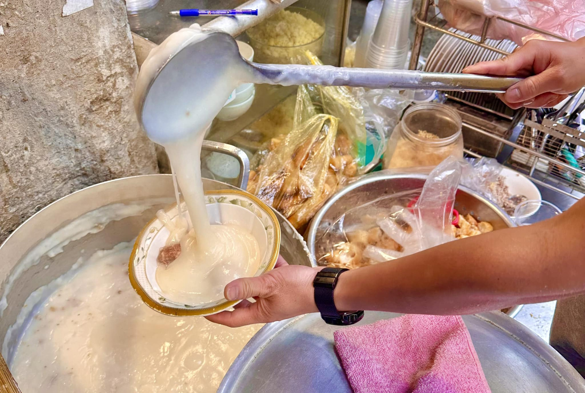 Điều đặc biệt là quán sử dụng cối đá hàng chục năm tuổi để xay bột thay vì dùng cối xay công nghiệp như nhiều nơi khác. Cách làm này giúp bột xay mịn, thơm hơn, bánh cuốn hấp lên cũng có độ mỏng, mềm dẻo và hơi dai.
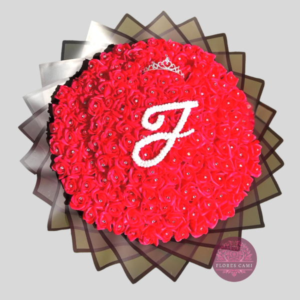 Espectacular ramo de 150 rosas eternas de jabón con centro decorado mas linda inicial personalizada (letra elegida por remitente) mas hermosa diadema y fina envoltura de papel coreano y rosetón con cinta de tela.
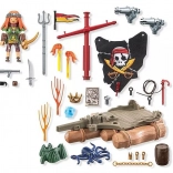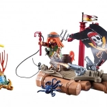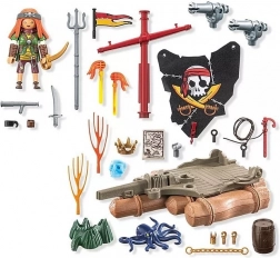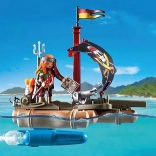 Krenite u neustrašivu potragu za blagom s gusarskim splavom iz serije PLAYMOBIL! Splav ima rotirajuću balistu i svijetli u mraku zahvaljujući glavi u obliku lubanje, što je savršeno za epske pomorske okršaje. Hrabri gusar brani svoj plijen, štiteći kristalnu lubanju i krunu uz pomoć topa, spašavajući se od napadajućih pirana.
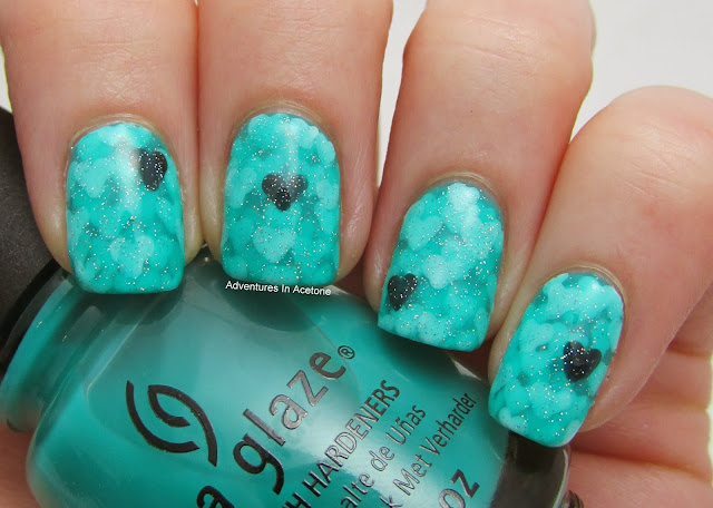 Step 5) Do another coat of China Glaze Keepin' It Teal over the hearts. Let dry.
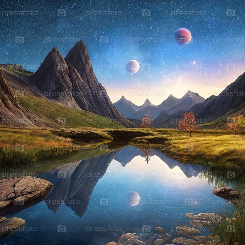 Фэнтезийная планета с озером на переднем плане, горами и ночным небом со звездами и планетами на заднем плане. Генеративный искусственный интеллект
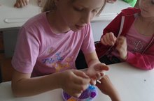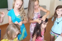 Сегодня в лагере "Мадагаскар" - "День творчества". В программе дня: конкурс рисунков на асфальте "Как прекрасен этот мир", отрядное мероприятие "Мастер на все руки".
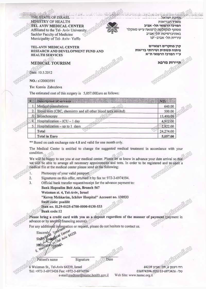 Оплачено лечение Ксении в Израиле стоимостью 5057 евро
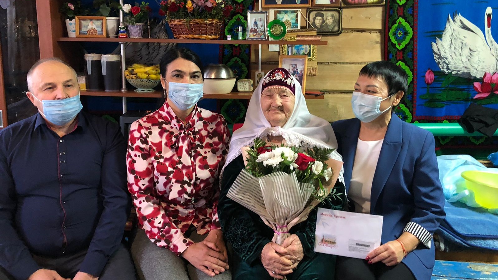 Сегодня с 90-летием поздравили труженика тыла Великой Отечественной войны Шафикову Фаимю Габдулхаковну из села Тавларово. В поздравлении принимали участие заместитель Главы Рыбно – Слободского муниципального района Ахметзянова Фирдания Гумаровна,консультант отдела социальной защиты Шакирова Нурия Габдулловна, Глава Шеморбашского сельского поселения Сафин Исмагил Нагимович. С искренними пожеланиями долголетия,здоровья была вручена открытка от имени Президента РФ В.В.Путина, от имени Главы района вручен памятный подарок.

__WORK TO COMPLETE__.
Your answer must be an exact repeat of the records above, with no pictures in it.

__FINISHED EXERCISE__.
 Điều đặc biệt là quán sử dụng cối đá hàng chục năm tuổi để xay bột thay vì dùng cối xay công nghiệp như nhiều nơi khác. Cách làm này giúp bột xay mịn, thơm hơn, bánh cuốn hấp lên cũng có độ mỏng, mềm dẻo và hơi dai.
 Espectacular ramo de 150 rosas eternas de jabón con centro decorado mas linda inicial personalizada (letra elegida por remitente) mas hermosa diadema y fina envoltura de papel coreano y rosetón con cinta de tela.
 Krenite u neustrašivu potragu za blagom s gusarskim splavom iz serije PLAYMOBIL! Splav ima rotirajuću balistu i svijetli u mraku zahvaljujući glavi u obliku lubanje, što je savršeno za epske pomorske okršaje. Hrabri gusar brani svoj plijen, štiteći kristalnu lubanju i krunu uz pomoć topa, spašavajući se od napadajućih pirana.
 Step 5) Do another coat of China Glaze Keepin' It Teal over the hearts. Let dry.
 Фэнтезийная планета с озером на переднем плане, горами и ночным небом со звездами и планетами на заднем плане. Генеративный искусственный интеллект
 Сегодня в лагере "Мадагаскар" - "День творчества". В программе дня: конкурс рисунков на асфальте "Как прекрасен этот мир", отрядное мероприятие "Мастер на все руки".
 Оплачено лечение Ксении в Израиле стоимостью 5057 евро
 Сегодня с 90-летием поздравили труженика тыла Великой Отечественной войны Шафикову Фаимю Габдулхаковну из села Тавларово. В поздравлении принимали участие заместитель Главы Рыбно – Слободского муниципального района Ахметзянова Фирдания Гумаровна,консультант отдела социальной защиты Шакирова Нурия Габдулловна, Глава Шеморбашского сельского поселения Сафин Исмагил Нагимович. С искренними пожеланиями долголетия,здоровья была вручена открытка от имени Президента РФ В.В.Путина, от имени Главы района вручен памятный подарок.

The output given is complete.